- _Required action_: With images removed, return the whole listing exactly as written.

- _Collected material_:
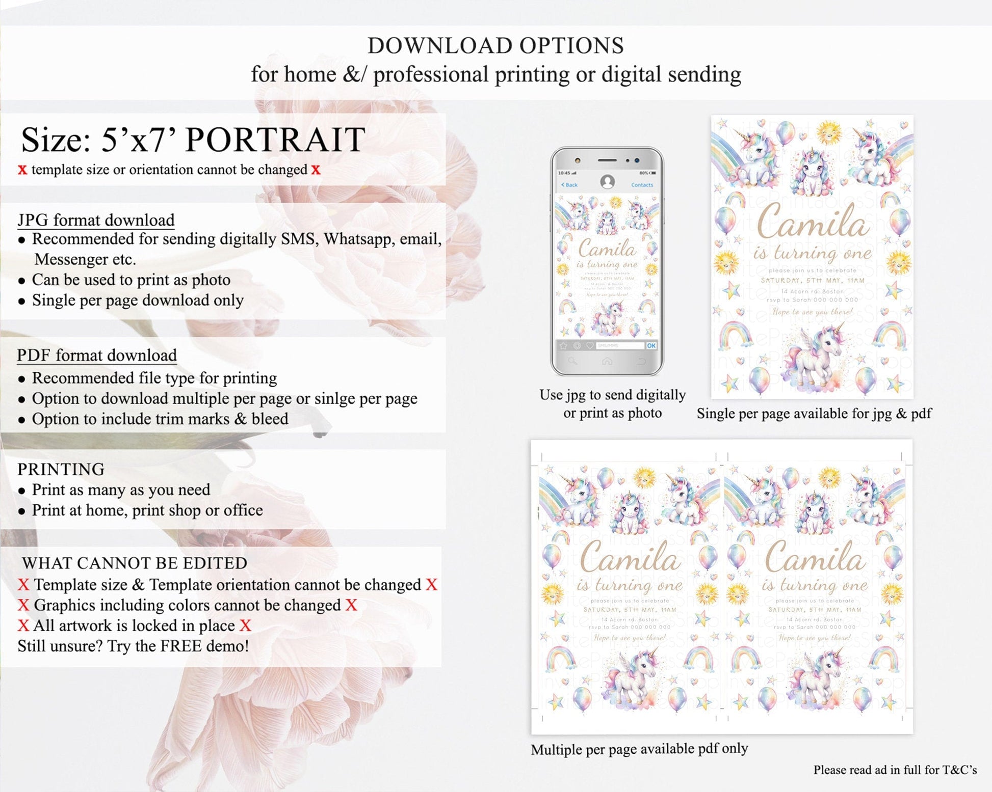 Rainbow Unicorn Birthday Invitation Pastel Birthday Invitation Magical Unicorn Party Theme Pastel Stars Heart Sun 1st 2nd Birthday D23372
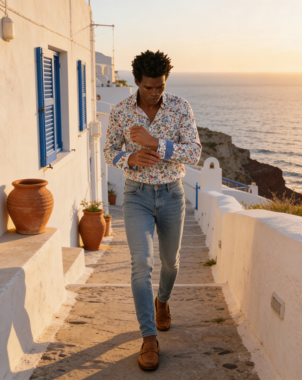 Chemise à imprimé floral vibrant, parfaite pour dynamiser vos looks.
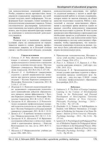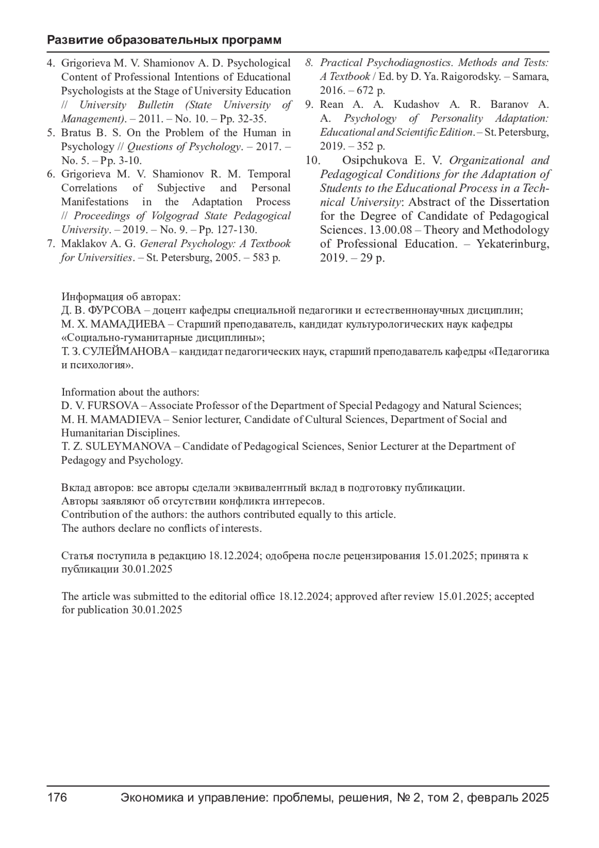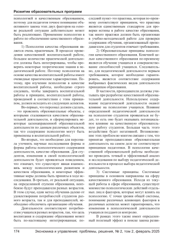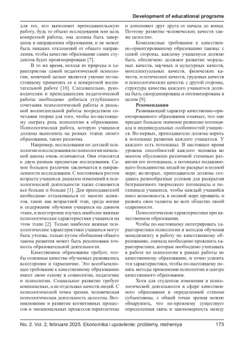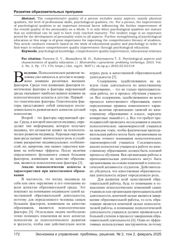 ФУРСОВА Д. В., МАМАДИЕВА М. Х., СУЛЕЙМАНОВА Т. З. ПСИХОЛОГИЧЕСКИЕ АСПЕКТЫ И ХАРАКТЕРИСТИКИ ПРИ КАЧЕСТВЕННОМ ОБРАЗОВАНИИ // ЭКОНОМИКА И УПРАВЛЕНИЕ: ПРОБЛЕМЫ, РЕШЕНИЯ. 2025. ТОМ 2 № 2

- _Response area_:
 Rainbow Unicorn Birthday Invitation Pastel Birthday Invitation Magical Unicorn Party Theme Pastel Stars Heart Sun 1st 2nd Birthday D23372
 Chemise à imprimé floral vibrant, parfaite pour dynamiser vos looks.
 ФУРСОВА Д. В., МАМАДИЕВА М. Х., СУЛЕЙМАНОВА Т. З. ПСИХОЛОГИЧЕСКИЕ АСПЕКТЫ И ХАРАКТЕРИСТИКИ ПРИ КАЧЕСТВЕННОМ ОБРАЗОВАНИИ // ЭКОНОМИКА И УПРАВЛЕНИЕ: ПРОБЛЕМЫ, РЕШЕНИЯ. 2025. ТОМ 2 № 2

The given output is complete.